# Data:
========

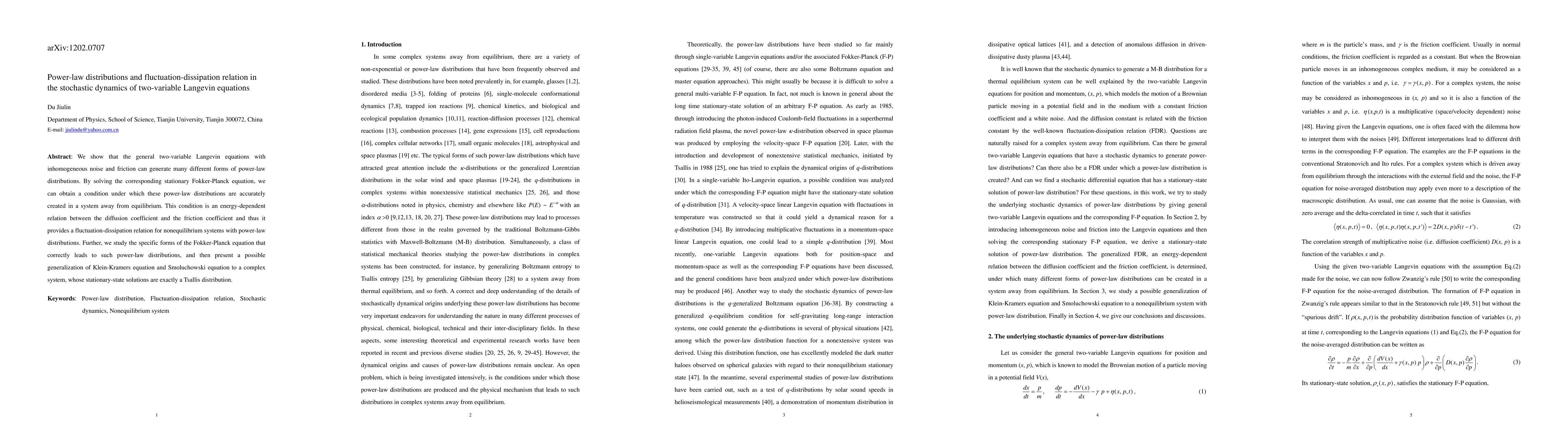 This paper demonstrates that two-variable Langevin equations with non-uniform noise and friction can produce various power-law distributions. It reveals an energy-dependent fluctuation-dissipation relation for nonequilibrium systems, generalizing the Klein-Kramers and Smoluchowski equations to yield exact Tsallis distribution solutions.
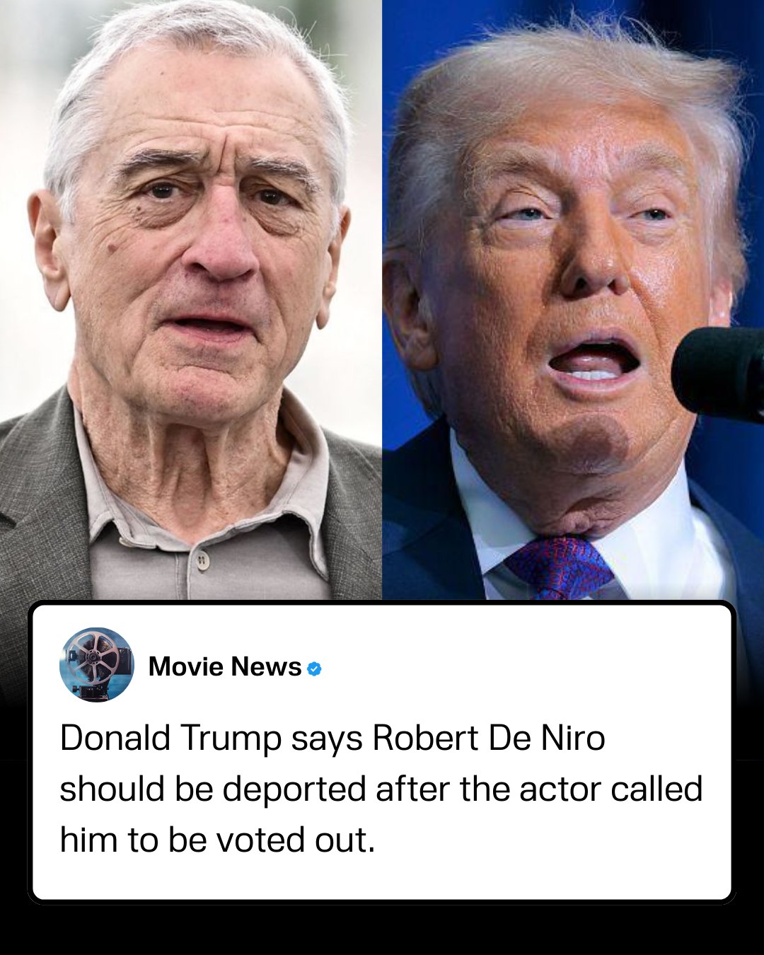After actor Robert De Niro publicly urged voters to reject him at the ballot box, Donald Trump responded by saying the Oscar-winning actor should be deported. The exchange marks the latest clash between Hollywood and the campaign trail, as the 2024 election season continues to heat up.
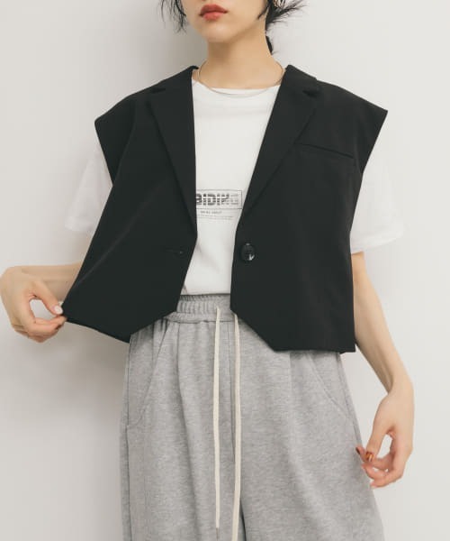 【マニッシュな印象に仕上げてくれるテーラードベスト】 程良くルーズなサイズながらも、胸ポケット仕様にすることでマニッシュな印象に仕上げてくれるテーラードベスト。少し大きめの釦や、スタイルアップが期待できる丈感もポイント。ワードローブにあると心強く、着回し力の高い1着です。 COORDINATE レーストップスや柄アイテムにもマッチしやすく、夏はタンクトップやキャミソールの上からさらっと羽織るだけで◎同素材のコクーンタックスカート(KBA5-27J110)や、サイドタックスラックス(KBA5-24J320)を合わせたセットアップの着こなしもおすすめです。 【2025 Spring/Summer】【25SS】 総重量 : 約230g ※商品画像は、光の当たり具合やパソコンなどの閲覧環境により、実際の色味と異なって見える場合がございます。予めご了承ください。 ※商品の色味の目安は、商品単体の画像をご参照ください。 ▼お気に入り登録のおすすめ▼ お気に入り登録商品は、マイページにて現在の価格情報や在庫状況の確認が可能です。 お買い物リストの管理に是非ご利用下さい。 素材感 透け感 : なし 伸縮性 : ややあり 裏地 : あり 光沢 : なし ポケット : あり one

========

# What you will do:
Copy the data word for word and omit every picture.

# Exercise result:
 This paper demonstrates that two-variable Langevin equations with non-uniform noise and friction can produce various power-law distributions. It reveals an energy-dependent fluctuation-dissipation relation for nonequilibrium systems, generalizing the Klein-Kramers and Smoluchowski equations to yield exact Tsallis distribution solutions.
After actor Robert De Niro publicly urged voters to reject him at the ballot box, Donald Trump responded by saying the Oscar-winning actor should be deported. The exchange marks the latest clash between Hollywood and the campaign trail, as the 2024 election season continues to heat up.
 【マニッシュな印象に仕上げてくれるテーラードベスト】 程良くルーズなサイズながらも、胸ポケット仕様にすることでマニッシュな印象に仕上げてくれるテーラードベスト。少し大きめの釦や、スタイルアップが期待できる丈感もポイント。ワードローブにあると心強く、着回し力の高い1着です。 COORDINATE レーストップスや柄アイテムにもマッチしやすく、夏はタンクトップやキャミソールの上からさらっと羽織るだけで◎同素材のコクーンタックスカート(KBA5-27J110)や、サイドタックスラックス(KBA5-24J320)を合わせたセットアップの着こなしもおすすめです。 【2025 Spring/Summer】【25SS】 総重量 : 約230g ※商品画像は、光の当たり具合やパソコンなどの閲覧環境により、実際の色味と異なって見える場合がございます。予めご了承ください。 ※商品の色味の目安は、商品単体の画像をご参照ください。 ▼お気に入り登録のおすすめ▼ お気に入り登録商品は、マイページにて現在の価格情報や在庫状況の確認が可能です。 お買い物リストの管理に是非ご利用下さい。 素材感 透け感 : なし 伸縮性 : ややあり 裏地 : あり 光沢 : なし ポケット : あり one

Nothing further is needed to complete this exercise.